Input data>
###

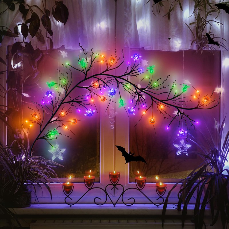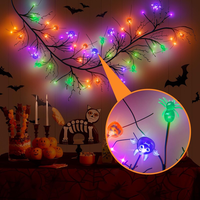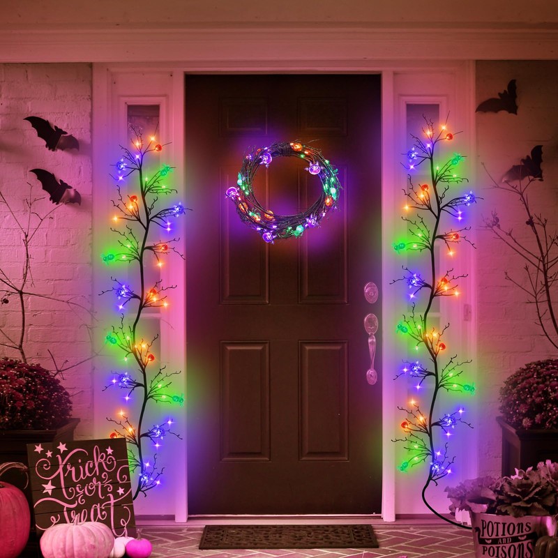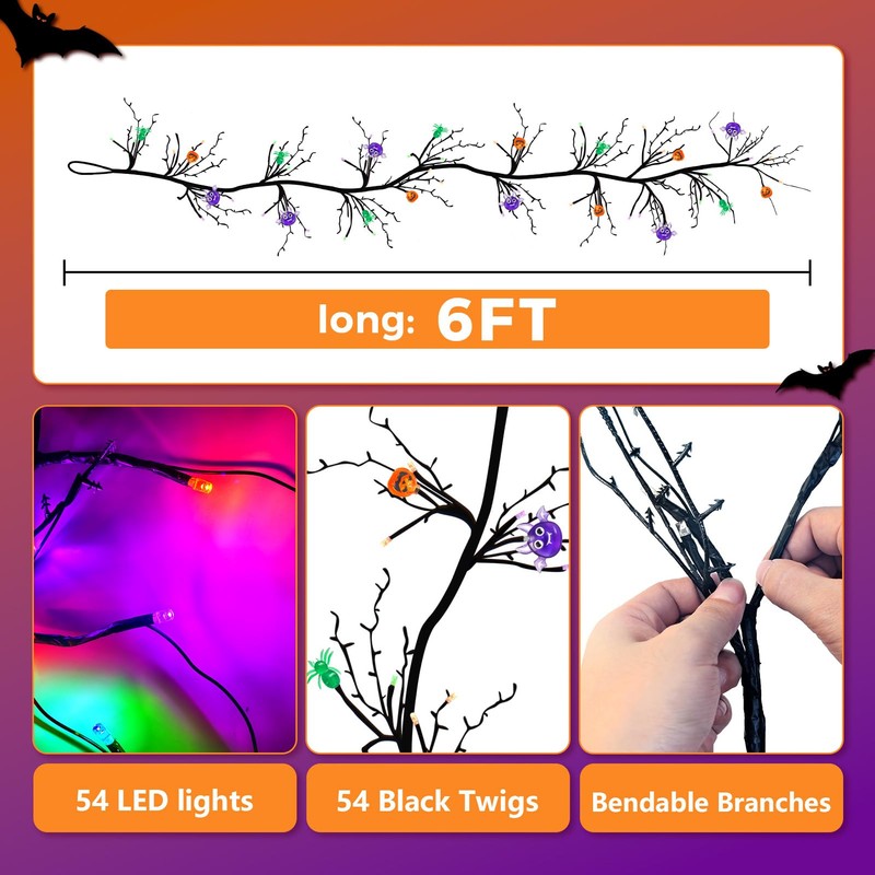 - Halloween Willow Wine Lights: 6ft 54 LED Halloween willow vine twig with purple & orange lights. Total 18 large branches and 54 smal tiwgs. The newly upgraded Halloween garland vine look scray and more terrifying, perfect for spooky black Halloween decorations
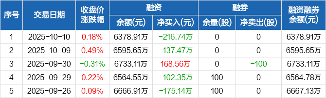 德冠新材:融资净偿还216.74万元,融资余额6378.91万元(10-10)
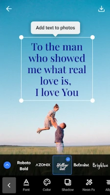 This app is more than just a photo editor text tool. It’s your go-to for turning memories into shareable text pictures. From text on pictures to text photo creations, make every moment special. With Text On Photo, your text art will shine. It's the easiest way to add text on photos for free and create text picture magic.

###

Goal of the exercise> Exclude the pictures and give back the rest of the data above exactly as written.

Task response>
 - Halloween Willow Wine Lights: 6ft 54 LED Halloween willow vine twig with purple & orange lights. Total 18 large branches and 54 smal tiwgs. The newly upgraded Halloween garland vine look scray and more terrifying, perfect for spooky black Halloween decorations
 德冠新材:融资净偿还216.74万元,融资余额6378.91万元(10-10)
 This app is more than just a photo editor text tool. It’s your go-to for turning memories into shareable text pictures. From text on pictures to text photo creations, make every moment special. With Text On Photo, your text art will shine. It's the easiest way to add text on photos for free and create text picture magic.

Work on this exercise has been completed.